I use a Lee Loadmaster press and previously used the Lee Pro 1000.

I also use Lee carbide sizing dies and factory crimp dies for 8MM, 357Mag, .40S&W, and .45ACP.

I have always set the dies to control final position of ram (the additional 1/4 etc.) and therefore provide maximum sized length. The FC die bottoming out also provides a more consistant crimp.

I have had excellent results using this method for something greater than 30,000 rounds, mostly 40S&W and 9MM.

You are not being too anal. Reloading is enjoyable but serious business that needs to be done correctly.

The only reason to not bottom the dies out would be to prevent damage to the carbide which is hard and, although very tough, brittle.

It can be chipped or cracked if handled wrong. The lee dies carbide element is protected to some extent by an outer steel casing.

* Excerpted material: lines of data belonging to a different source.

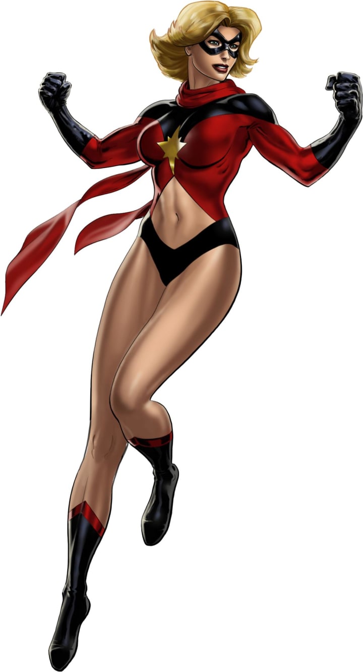 Her first outfit, which appeared back in 1977, saw her emulating her mentor's colours and design, the original Captain Marvel's. It was a classic move seen in hundreds of comic book character, where a male and female hero have similar looks to associate them together. One thing Carol's female variation did show was much more skin than your average hero. It does make you wonder how she flew at such high altitudes and speeds, but never got a chill. I guess it must be the bonus to some Kree DNA in your genetic makeup.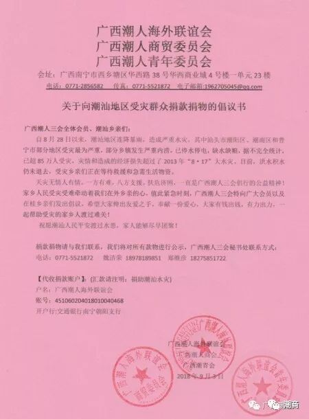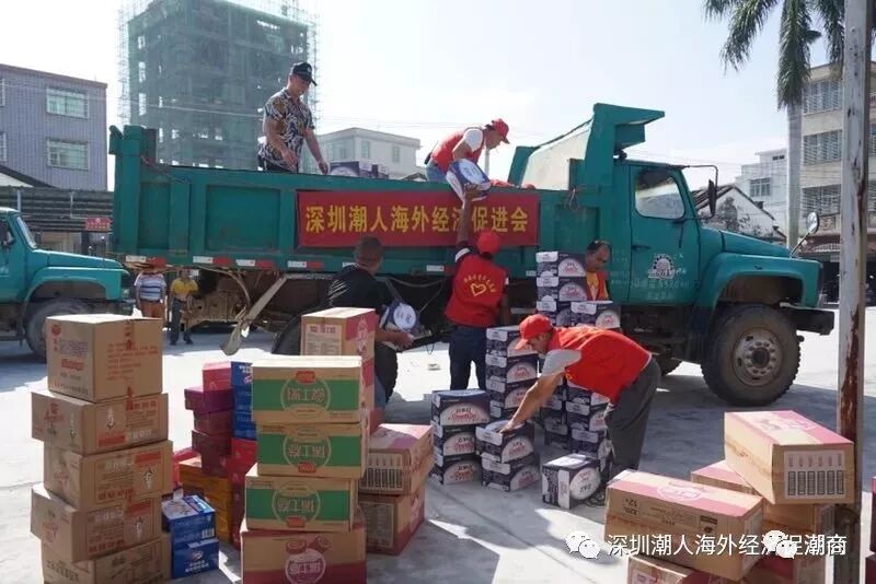 在国内经商的潮商及海外华侨闻讯之后,纷纷慷慨解囊,来电、汇款、安排人员参与救援。在8月9日,香港潮州八邑会馆便先行送来600包大米,此后,各地潮商及华侨会馆、医院等送来大米、药材、篷盖等赈灾物资,汇来多笔款项。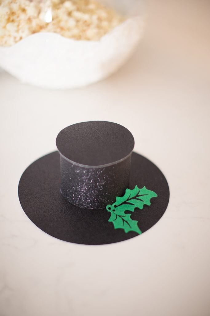 I uploaded a few different designs to my Cricut Design Space to help with the snow man parts and some I just simply made myself! For the hat I used a snowman SVG that I purchased and used the black glitter cardstock to cut it out and then I assembled it.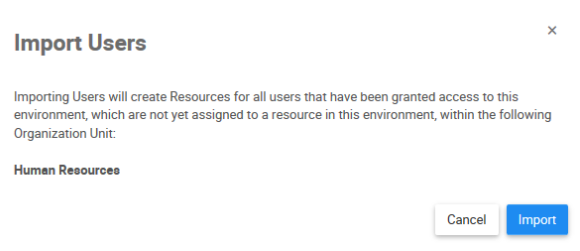 3. A window will be generated explaining you that all users that have been granted access to the environment will be imported as resources. Click on button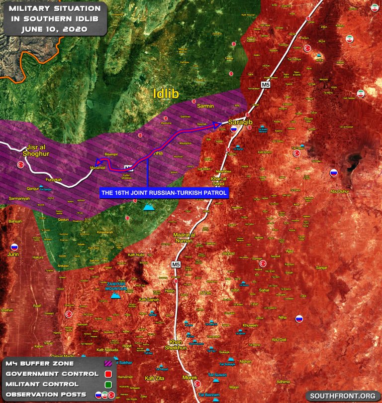 Ruská vojenská polícia a turecká armáda 10. júna uskutočnili 16. spoločnú hliadku na diaľnici M4 v severozápadnom Sýrii v oblasti Veľkého Idlibu.

I have not damaged any dies yet.

What press are you using?

tumbleweed


----------



## Atroxus (Nov 7, 2008)

Thanks for the info.  So basically letting the carbide die touch the shell holder is fine as long sa I am not slamming them together? I have the Lee Anniversary breech lock challenger kit.


----------



## TOF (Sep 7, 2006)

Atroxus said:


> Thanks for the info.  So basically letting the carbide die touch the shell holder is fine as long sa I am not slamming them together? I have the Lee Anniversary breech lock challenger kit.


Yes, that is my opinion.

However; It may not be as meaningfull to do so with a single stage press as it is with a progressive. Progressives need a positive stop for their carrier plate to prevent variables introduced when all stations are not loaded equaly letting the carrier plate (shell holder) tilt slightly. That is not true when using single stage equipment.

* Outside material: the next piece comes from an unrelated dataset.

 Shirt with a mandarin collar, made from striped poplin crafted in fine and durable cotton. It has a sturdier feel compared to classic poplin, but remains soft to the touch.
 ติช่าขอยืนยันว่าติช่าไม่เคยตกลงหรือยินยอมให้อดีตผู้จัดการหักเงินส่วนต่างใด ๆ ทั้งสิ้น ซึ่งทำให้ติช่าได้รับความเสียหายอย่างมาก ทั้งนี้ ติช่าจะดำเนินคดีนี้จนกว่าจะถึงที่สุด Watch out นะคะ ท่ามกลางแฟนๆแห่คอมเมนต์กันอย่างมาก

I reccomend you set your size and FC dies to almost kiss the shell holder but not quite.

tumbleweed


----------



## Atroxus (Nov 7, 2008)

Good to know. Several people on another forum suggested putting a piece of paper over the shell older then adjusting until the die touches the paper. I think I will go with that method.


----------



## Atroxus (Nov 7, 2008)

Well I finally got my loading table setup, and sized my first 10 cases. I wasn't brave enough to combine the sizing and priming into one operation though. Once I have my first batch of brass sized and measured to make sure none needs trimming will start putting in primers. Is all unfired brass so I am not expecting to need trimming, but I wanna get in habit early of doing everything the exact same way, all the time. Here is a pic of my loading table though. Pardon the poor image quality though it was taken on my phone.


----------



## gmaske (Jan 7, 2008)

I've always adjusted my sizing die (both steel and carbide) just like the Lee instructions state. I raise the ram to the top and screw the die down against it. Then I lower the ram and turn it in a little more to allow for the spring in the press. The die should size the whole case and just kiss or nearly kiss the shell holder when a case is being sized.


----------